Begin at the line containing "2019年2月26日,《光明" and restate it and each line after it exactly, up to and including the last line below. Leave pictures out.

DATA SECTION:
▬▬▬
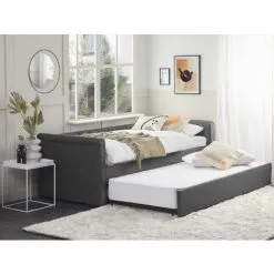 Beliani Modern Fabric EU Single Trundle Bed Frame 3ft Dark Grey Slatted Marmande
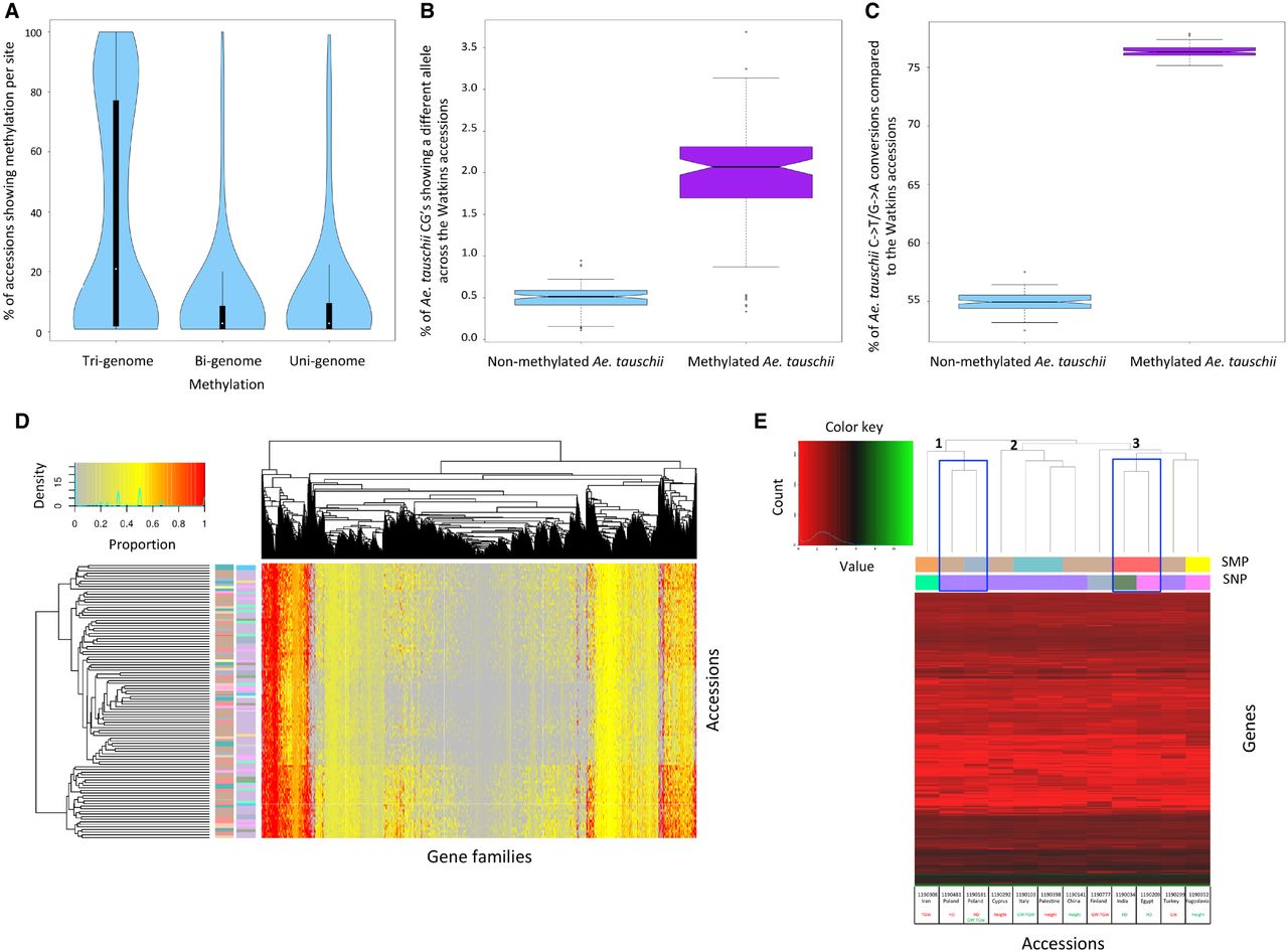 Analyzing methylation profiles across the Watkins collection. (A) Violin plots show the percentage of accessions showing methylation per site. Analyzed sites include Tri-genome, Bi-genome, and Uni-genome methylated sites. A comparative subset of 11,769 sites was used for each category. (B) Ancestral methylation associates with an increased SNP rate. The percentage of methylated versus nonmethylated Aegilops tauschii cytosines that show a different allele in Watkins. (C) Ancestral methylation demonstrates that 5-methylcytosines are preferentially deaminated to thymine. The percentage of methylated versus nonmethylated Ae. tauschii cytosines with a C-to-T/G-to-A transition across the Watkins collection. (D) Accession clustering based on the gene families targeted by methylation. Many accessions from the same geographical origin show the same gene families targeted by methylation and are, thus, clustered close to each other in the Accessions axis (vertical dendrogram). Alongside the vertical dendrogram, the two columns of row barcodes (left and right) correspond to the SMP clusters in Figure 1D and SNP clusters in Figure 1B, respectively. (E) Clustering of the 12 accessions subjected to RNA-seq using average gene expression across the replicates for genes showing differential expression between at least two lines (after log2 transformation). The horizontal dendrogram has its three main clades labeled 1, 2, and 3. Below the horizontal dendrogram, the two barcode rows (top and bottom) correspond to the SMP and SNP clusters in Figure 1, D and B, respectively. Accessions are labeled by line number, country of origin, and phenotype, i.e., TGW (thousand grain weight), HD (heading date), GW (grain width), or Height, with maximum values in green and minimum values in red. Accessions showing the phenotypic tails for heading date that are of interest within this study are highlighted on the horizontal dendrogram with a blue box.
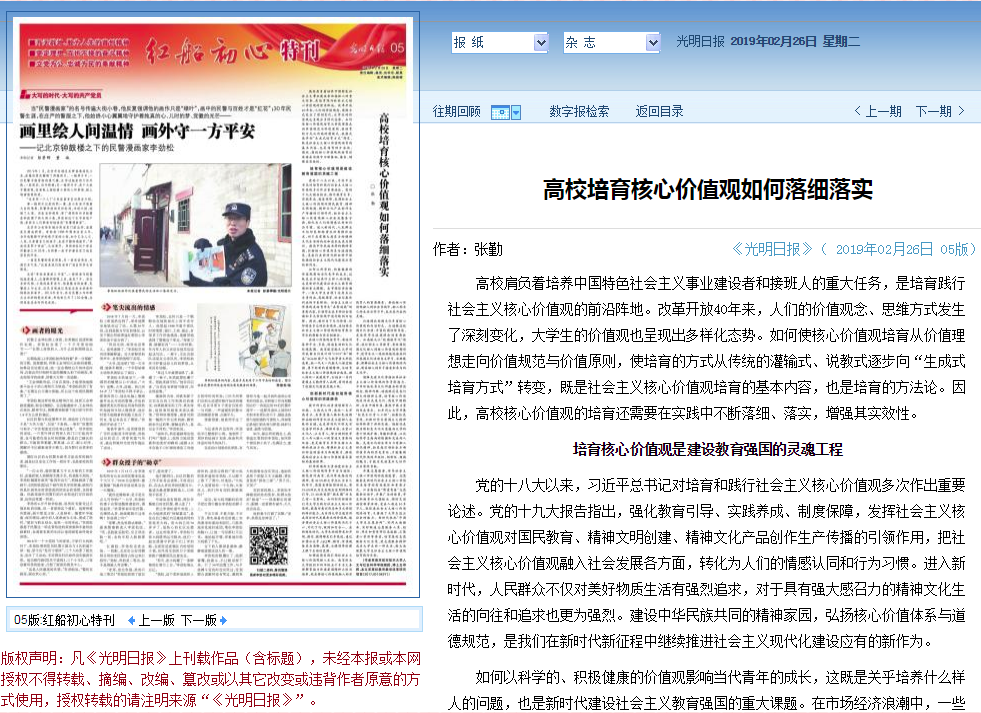 2019年2月26日,《光明日报》红船初心特刊发表国产成人 张勤教授的理论文章《高校培育核心价值观如何落细落实》。
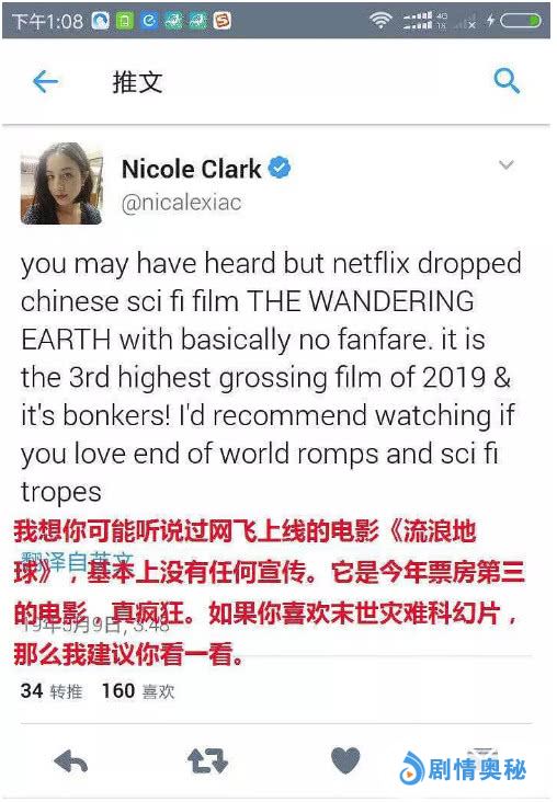 首先是网飞虽然花大价钱购买版权,但几乎是悄无声息的上线,没有任何宣传,包括网飞自己的社交媒体。这是很有趣的一种情况,网飞自己的推特经常会发一些相关影视的视频片段,但确实没发过一条《流浪地球》的。知名媒体人Nicole Clark在社交媒体上推荐《流浪地球》,她写道“我想你可能听说过网飞上线的电影《流浪地球》,基本上没有任何宣传。它是今年票房第三的电影,真疯狂。如果你喜欢末世灾难科幻片,那么我建议你看一看。”
▬▬▬
EXERCISE RESULT:
 2019年2月26日,《光明日报》红船初心特刊发表国产成人 张勤教授的理论文章《高校培育核心价值观如何落细落实》。
 首先是网飞虽然花大价钱购买版权,但几乎是悄无声息的上线,没有任何宣传,包括网飞自己的社交媒体。这是很有趣的一种情况,网飞自己的推特经常会发一些相关影视的视频片段,但确实没发过一条《流浪地球》的。知名媒体人Nicole Clark在社交媒体上推荐《流浪地球》,她写道“我想你可能听说过网飞上线的电影《流浪地球》,基本上没有任何宣传。它是今年票房第三的电影,真疯狂。如果你喜欢末世灾难科幻片,那么我建议你看一看。”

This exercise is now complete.